I have read some Agnon, though not enough. Thus my first installment, in which I will reveal to you the secret to getting the most entertainment out of your Agnon dollar, providing you can read him in Hebrew.
What's that, you ask? Read him in the Ashkenazic accent of your childhood, or, if you didn't have that sort of childhood, learn the accent (like I did) or find someone whose Ashkenazis you can imitate. The fact is that Agnon is the best prose writer in Yiddish of the twentieth century, so you might as well read him with an appropriate inflection.
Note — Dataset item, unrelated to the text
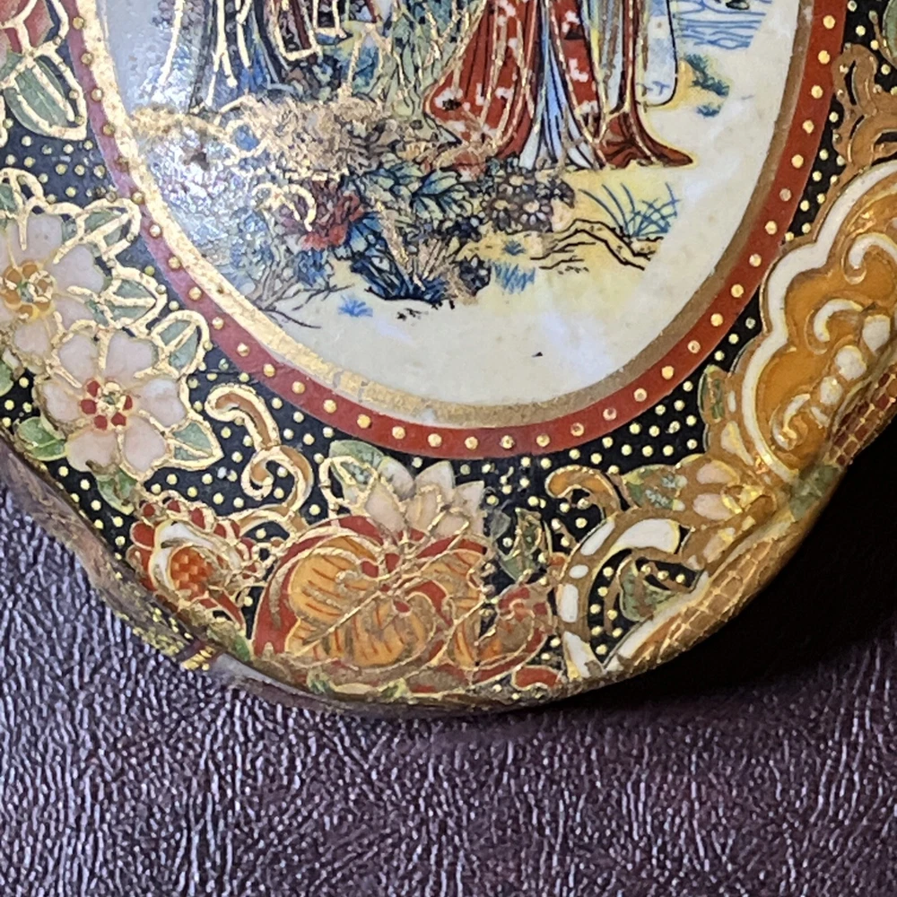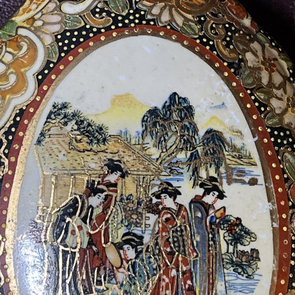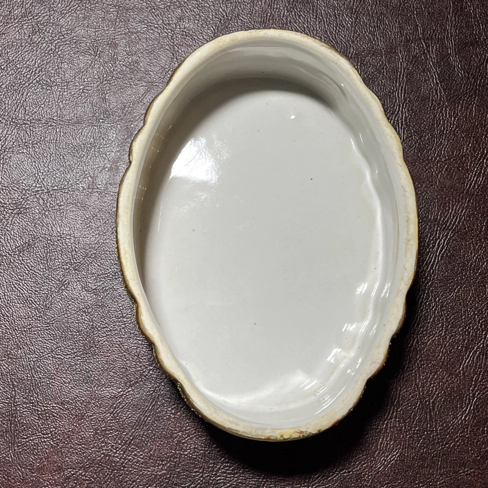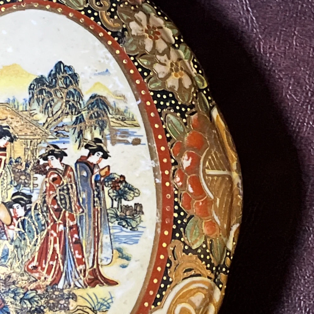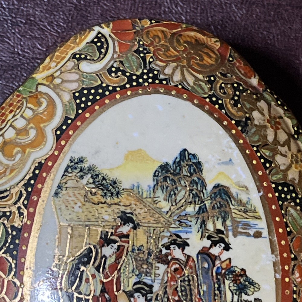 This vintage Asian ceramic jewelry box features a beautifully painted floral design with a Geisha motif, making it a charming decorative piece. The oval-shaped box with a lid provides storage for small trinkets and jewelry, perfect for all occasions. Made in China, this medium-sized trinket box showcases multicolor artwork in an Asian style, ideal for collectors and those who appreciate period styles.

Agnon wrote in Hebrew! True. But the English word "Hebrew" generalizes a great number of different sorts of language available in traditional Jewish life both yesterday and (perhaps even more so) today. In the big grab-bag "Hebrew," I mean, are found all of the following: Biblical Hebrew (in all its varying strata and literary registers), Rabbinic Hebrew, both early and late, Medieval Hebrew, modern literary and spoken Hebrew (starting around the 19th century), and, most recently, modern Hebrew as spoken in Israel, called "Ivrit."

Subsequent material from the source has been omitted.